Story: In a class, 4 boys each have 9 pencils and 2 girls each have 6 pencils. What is the total number of pencils?

Value:
$$4 \times 9 + 2 \times 6 = 36 + 12 = \boxed{48}$$

(a)

Given: Elsa starts with 100 coins and doubles them → $2 \times 100$.
Anna starts with 100 coins and has half left → $100 \div 2$.

Expression:
$$2 \times 100 + 100 \div 2$$

Terms: $2 \times 100 = 200$ and $100 \div 2 = 50$

Value:
$$200 + 50 = \boxed{250 \text{ gold coins}}$$

(b)(i) Four adults and three children:

Expression: $4 \times 40 + 3 \times 20$

Terms: $4 \times 40 = 160$ and $3 \times 20 = 60$

Value:
$$160 + 60 = \boxed{₹220}$$

(b)(ii) Two groups of three adults each:

Expression: $2 \times 3 \times 40$ or $2 \times (3 \times 40)$

Value:
$$2 \times 120 = \boxed{₹240}$$

(c) (Note: The figure is not visible. A typical window problem involves a top panel, a middle glass pane, and a bottom panel.)

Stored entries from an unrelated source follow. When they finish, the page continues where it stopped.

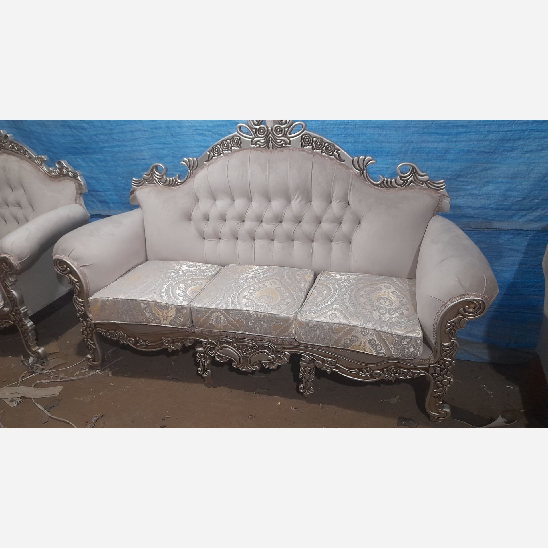 مبل ترنج 7نفره کلاف روس منبت ام دی اف25میل پارچه ساتن کریستال مازاراتی کف فوم سرد این کار یک کار سفارشیه و به سلیقه مشتری تولید میشه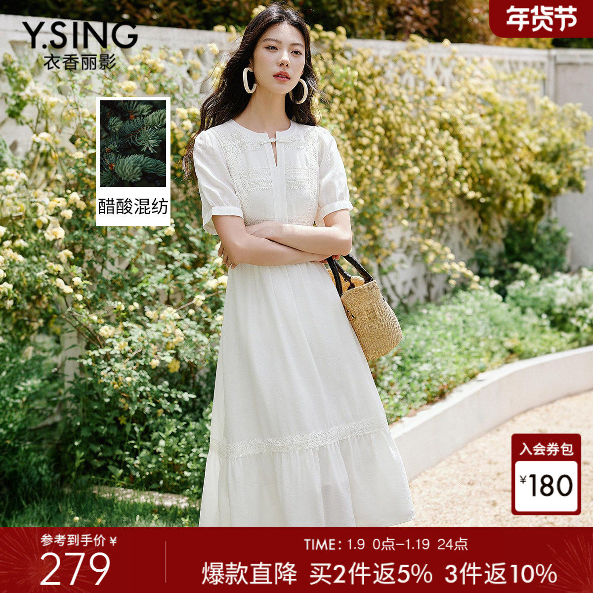 衣香丽影新中式醋酸连衣裙女2025年夏季新款国风盘扣白色蕾丝裙子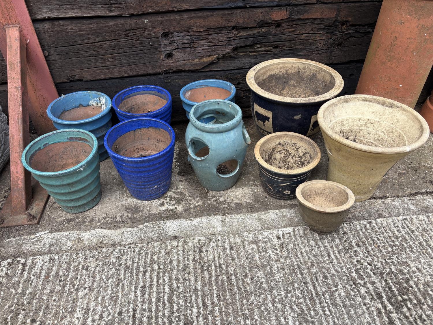 A collection of 10 assorted glazed garden pots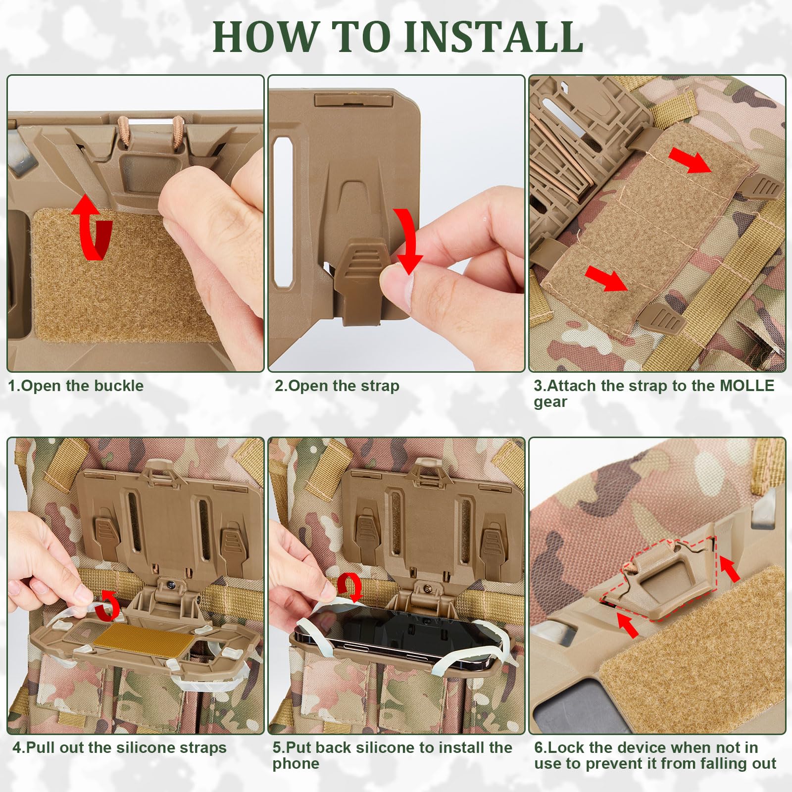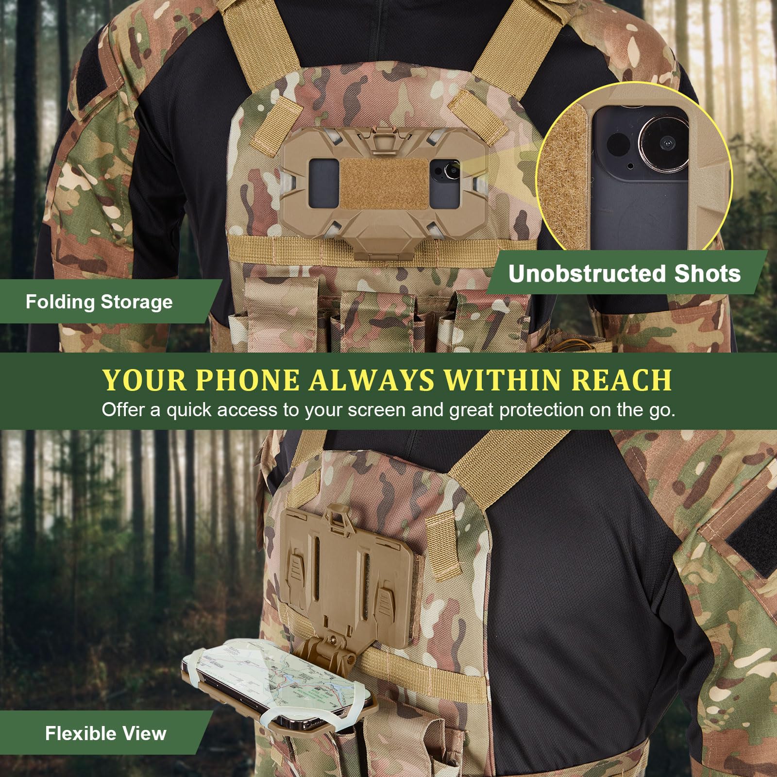 - **Versatile Compatibility** Designed to fit smartphones and navigation devices from 4.7 to 6.7 inches, it easily attaches to tactical vests, chest rigs, backpacks, or any MOLLE-compatible surface. Perfect for hiking, hunting, outdoor training, and airsoft games.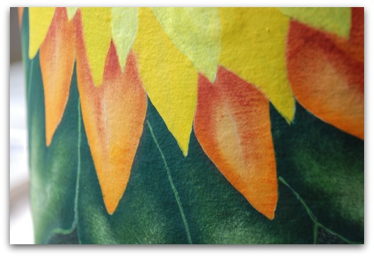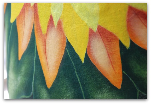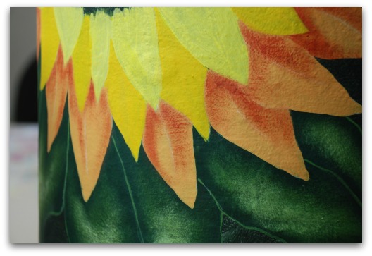The first row of petals, next to the flower center was basecoated with a mix of Bright Yellow + Buttermilk. Bright Yellow is very transparent so by mixing it with a bit of Buttermilk it gave me the brightness I wanted but the opacity I needed. I did 2 coats.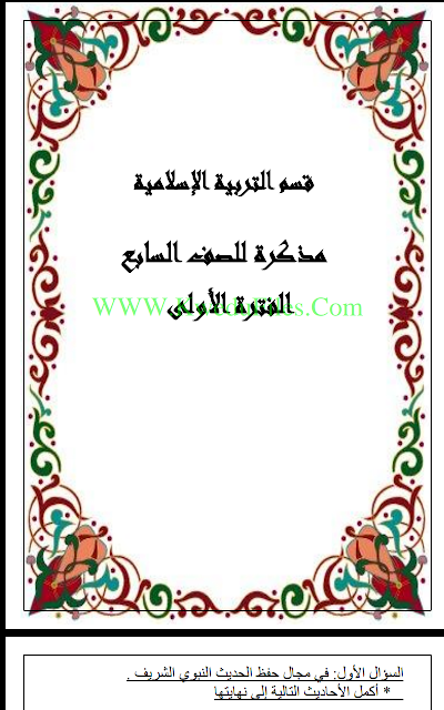بنك اسئلة في مادة التربية الاسلامية للصف السابع للكورس الاول عدد اوراق هذا الملف 9اوراق معرالعلم ان صور الملف ادناه لاتحتوي الا جزء من محتوى الملف الذي ستجده كاملا" عند تحميله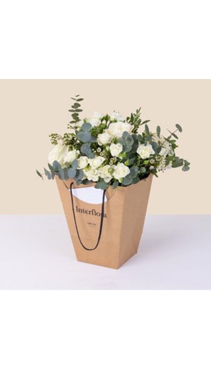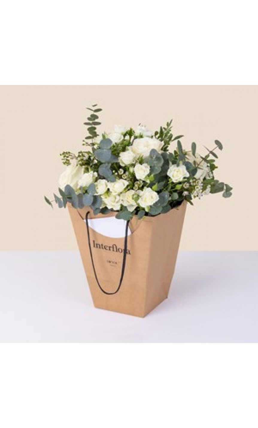 - Modelo: White and green bouquet with decorative bag
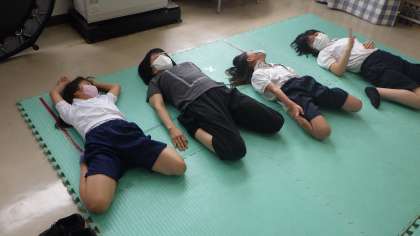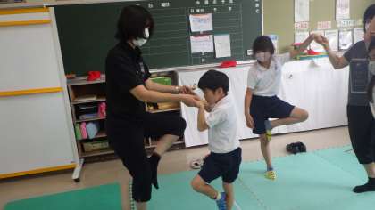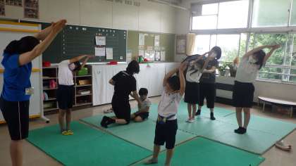 暑くなってきたので、教室で体操をしています。ヨガの動きを取り入れたり、足でじゃんけんをしたりして体を動かしました。体もずいぶん柔らかくなってきました。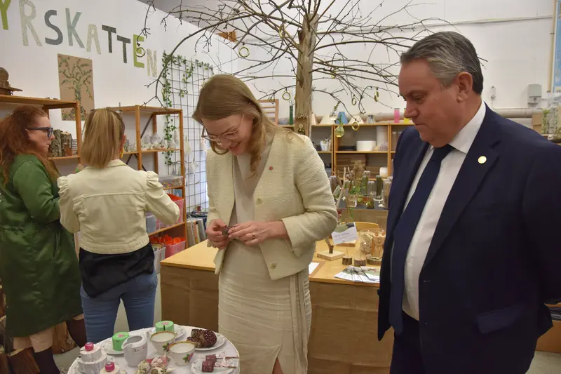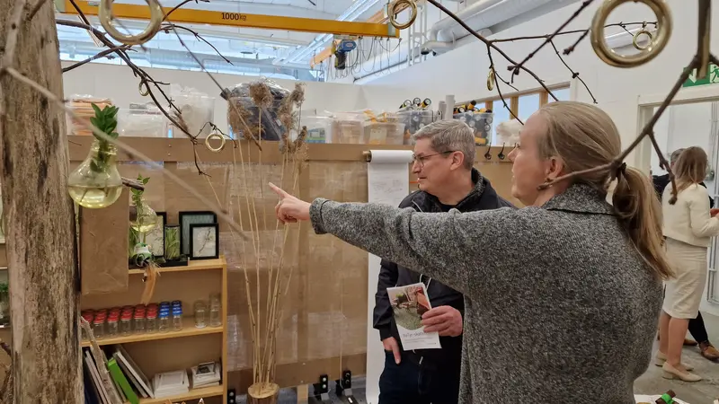 Kommunalråden Peter Frej (M) och Klara Watmani (S) tittar på utställning som ska inspirera pedagoger att skapa roliga saker av återbruksmaterial.

Assumption: If the window has a top frame of height $a$, a glass pane of height $b$, and a bottom frame of height $c$, then:

Expression: $a + b + c$

Students should substitute the values shown in their textbook figure and add the terms to get the total height.

Concept: When removing brackets preceded by $+$, signs inside remain the same. When removing brackets preceded by $-$, signs inside flip.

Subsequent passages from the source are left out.